-- Exercise details --
Look through the entries below for the line with "Create your own" and the line with "Özel Seri Zirkon", then give again exactly those two lines and all lines between them, minus the pictures.

-- Input data --
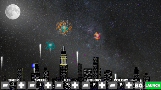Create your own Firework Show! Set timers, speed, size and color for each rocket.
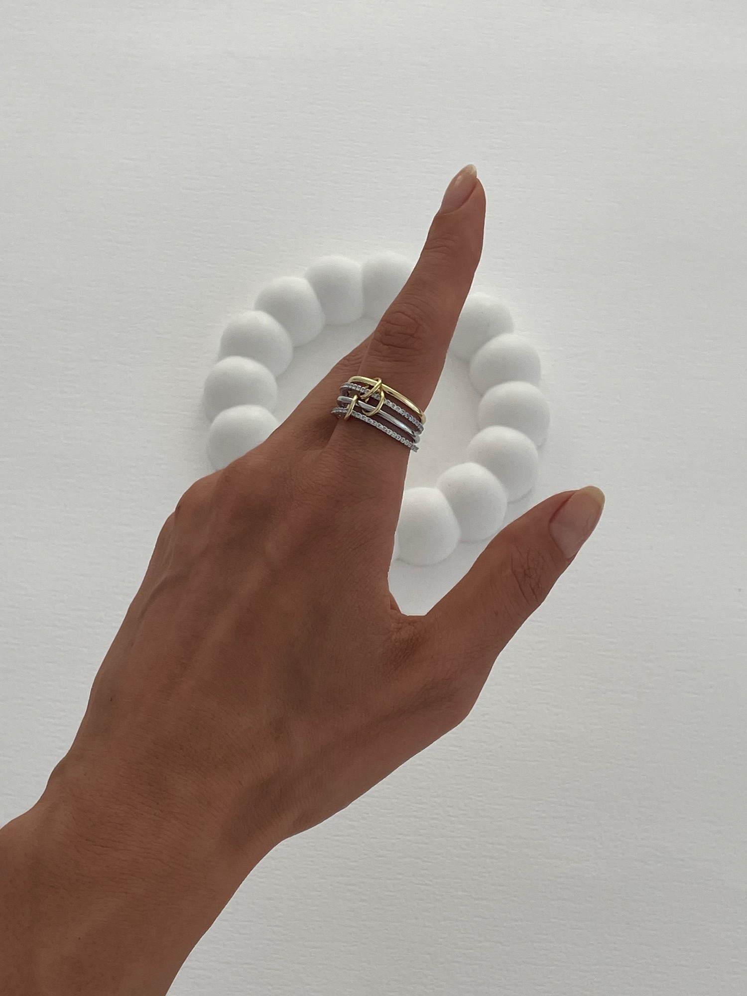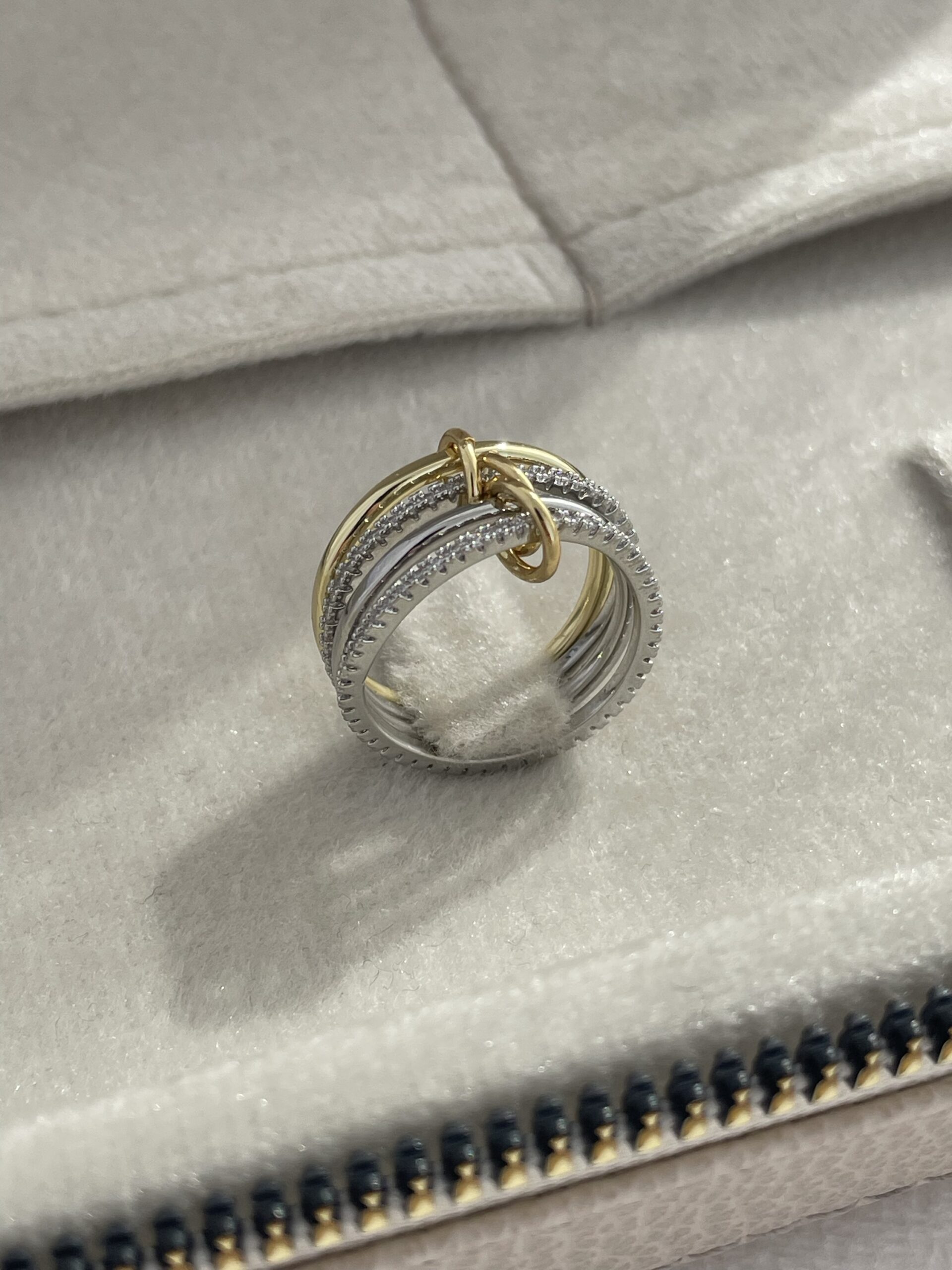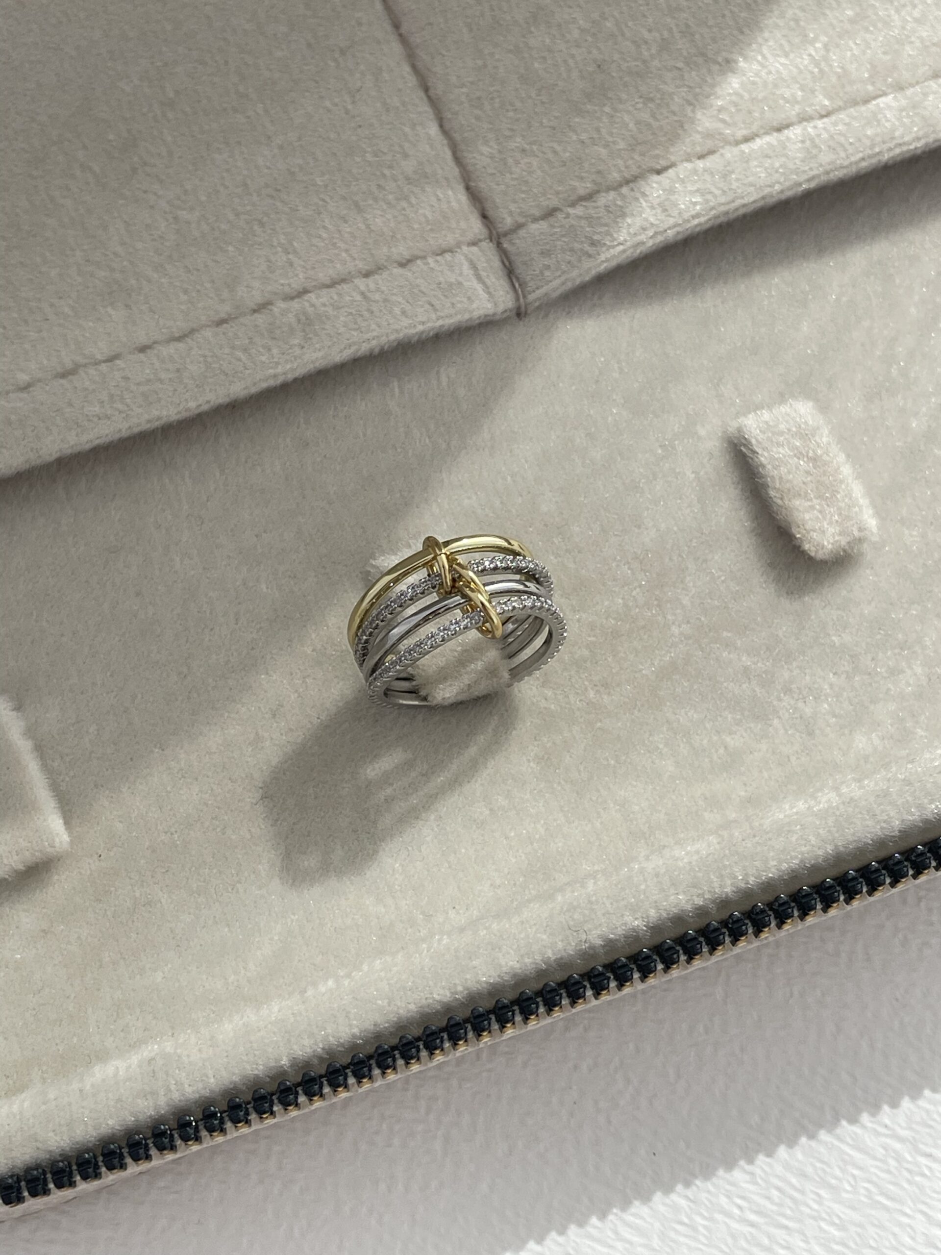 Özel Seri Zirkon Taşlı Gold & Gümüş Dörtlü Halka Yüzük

--

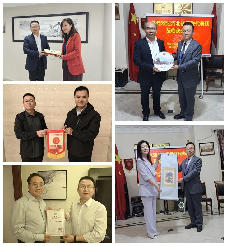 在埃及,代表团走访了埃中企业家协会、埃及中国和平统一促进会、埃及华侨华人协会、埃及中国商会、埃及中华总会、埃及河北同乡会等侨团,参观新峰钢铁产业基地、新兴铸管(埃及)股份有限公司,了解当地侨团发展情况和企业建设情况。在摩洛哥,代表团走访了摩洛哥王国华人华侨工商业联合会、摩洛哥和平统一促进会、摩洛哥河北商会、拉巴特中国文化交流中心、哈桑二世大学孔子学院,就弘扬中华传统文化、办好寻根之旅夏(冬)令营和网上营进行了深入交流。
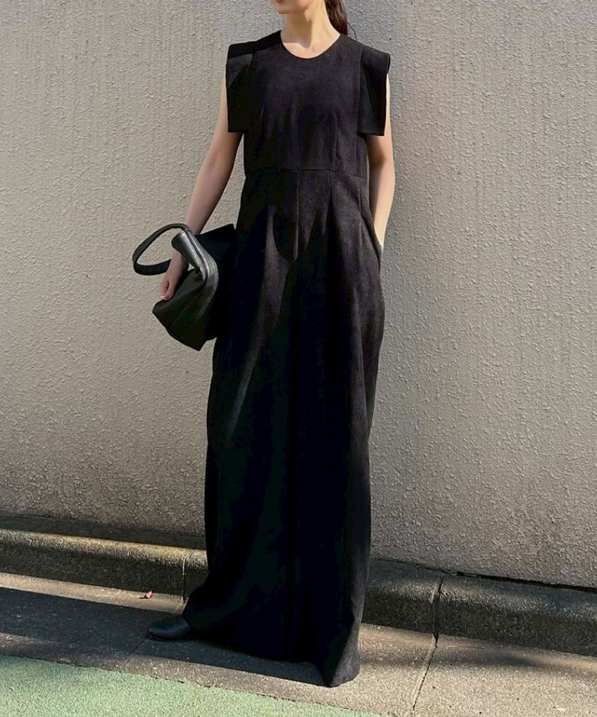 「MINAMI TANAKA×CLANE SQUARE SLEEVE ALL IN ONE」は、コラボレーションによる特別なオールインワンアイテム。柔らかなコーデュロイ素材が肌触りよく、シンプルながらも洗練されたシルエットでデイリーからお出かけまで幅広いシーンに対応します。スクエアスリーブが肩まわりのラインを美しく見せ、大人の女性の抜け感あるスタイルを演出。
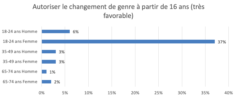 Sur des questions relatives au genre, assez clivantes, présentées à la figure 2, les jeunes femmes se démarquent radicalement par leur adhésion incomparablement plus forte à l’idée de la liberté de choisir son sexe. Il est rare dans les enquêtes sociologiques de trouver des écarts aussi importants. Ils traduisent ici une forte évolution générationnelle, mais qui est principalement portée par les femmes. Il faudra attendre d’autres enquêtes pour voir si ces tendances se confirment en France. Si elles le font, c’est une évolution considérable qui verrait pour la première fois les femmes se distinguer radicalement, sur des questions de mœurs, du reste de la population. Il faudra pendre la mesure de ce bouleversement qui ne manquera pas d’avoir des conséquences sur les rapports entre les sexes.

-- Task result --
Create your own Firework Show! Set timers, speed, size and color for each rocket.
 Özel Seri Zirkon Taşlı Gold & Gümüş Dörtlü Halka Yüzük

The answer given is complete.